Data START

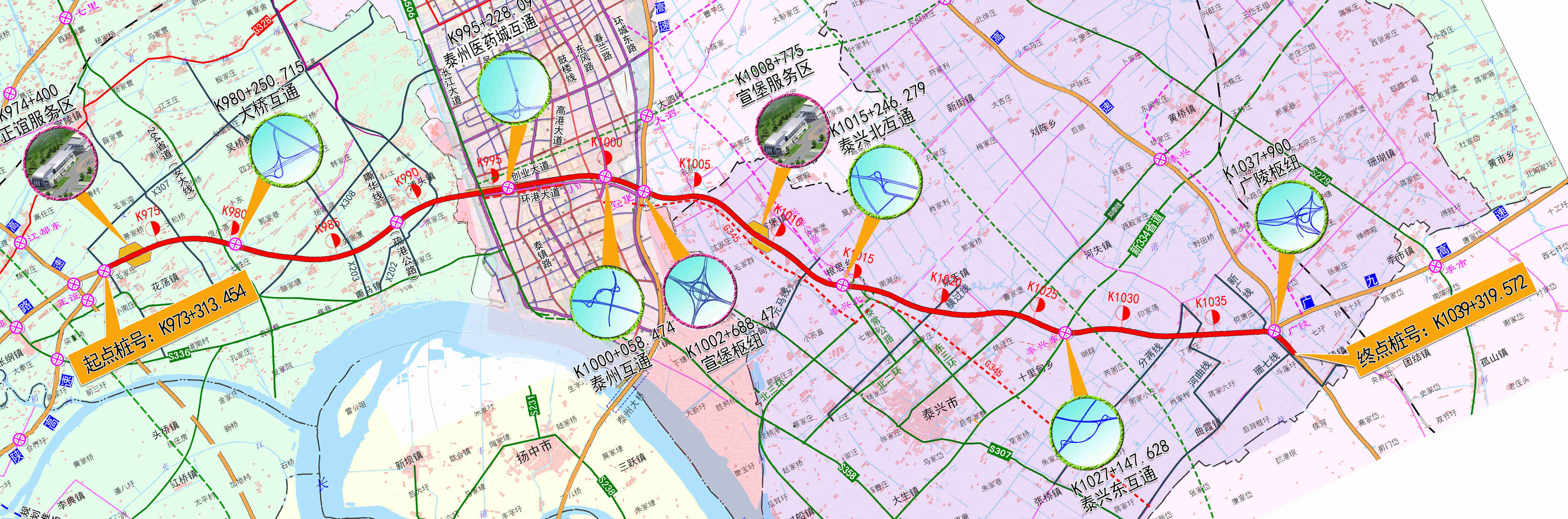 江广高速是江苏省“五纵、九横、五联”高速公路网规划中“横四”的重要组成部分,与“横四”其它段落串联南京、扬州、泰州、南通等城市,连通长江北岸各地市,构成江北沿江交通大通道骨架,成为沿江港口东西向集疏运输通道。江广高速起自与宁通公路交叉的正谊枢纽,与宁通公路并线,止于与盐靖高速交叉的广陵枢纽,路线全长66.006km。项目改造采用两侧拓宽方式,扩建为双向八车道高速公路标准,路基宽度42m,设计速度120km/h。
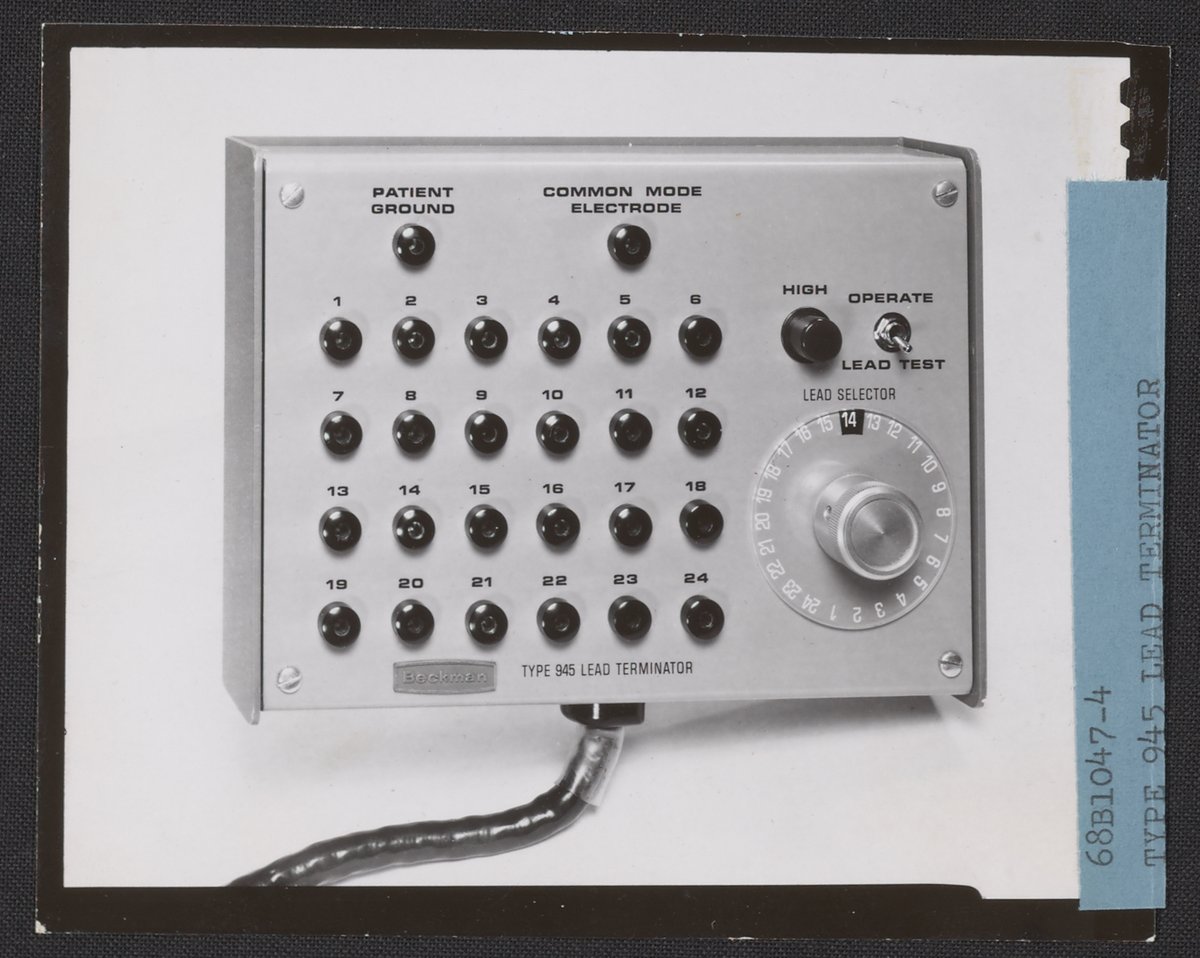 Beckman Instruments Photographic Services Section. “Beckman Type 945 Lead Terminator,” 1968. Beckman Historical Collection, Box 86. Science History Institute. Philadelphia. https://digital.sciencehistory.org/works/pg15bf28j.
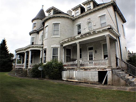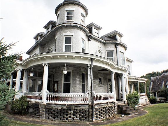 Turn of the Century mansion on millionaire row in Waynesburg PA. Own a one-of-a kind piece of history. With 3600 sq ft, 40 windows (mostly curved or stained glass), large wrap around porch with mosaic tile floor, multiple gables, high ceilings, original woodwork, hardwood floors, working pocket doors, fireplaces with amazing woodwork and colored ceramic tile hearth and mantels, crystal chandelier and the entire house wrapped in Granite (Belgium brick). Also includes a 2-car garage, Koi pond, grape vines. Used as a bed and breakfast at one time and as a home it is quite the conversation house; it has a long very interesting history. Includes a 7 room 1300 sq ft carriage-house.

Data END

**What needs to be done:** Copy all of the listing word for word, minus the images.

**Expected output:**
 江广高速是江苏省“五纵、九横、五联”高速公路网规划中“横四”的重要组成部分,与“横四”其它段落串联南京、扬州、泰州、南通等城市,连通长江北岸各地市,构成江北沿江交通大通道骨架,成为沿江港口东西向集疏运输通道。江广高速起自与宁通公路交叉的正谊枢纽,与宁通公路并线,止于与盐靖高速交叉的广陵枢纽,路线全长66.006km。项目改造采用两侧拓宽方式,扩建为双向八车道高速公路标准,路基宽度42m,设计速度120km/h。
 Beckman Instruments Photographic Services Section. “Beckman Type 945 Lead Terminator,” 1968. Beckman Historical Collection, Box 86. Science History Institute. Philadelphia. https://digital.sciencehistory.org/works/pg15bf28j.
 Turn of the Century mansion on millionaire row in Waynesburg PA. Own a one-of-a kind piece of history. With 3600 sq ft, 40 windows (mostly curved or stained glass), large wrap around porch with mosaic tile floor, multiple gables, high ceilings, original woodwork, hardwood floors, working pocket doors, fireplaces with amazing woodwork and colored ceramic tile hearth and mantels, crystal chandelier and the entire house wrapped in Granite (Belgium brick). Also includes a 2-car garage, Koi pond, grape vines. Used as a bed and breakfast at one time and as a home it is quite the conversation house; it has a long very interesting history. Includes a 7 room 1300 sq ft carriage-house.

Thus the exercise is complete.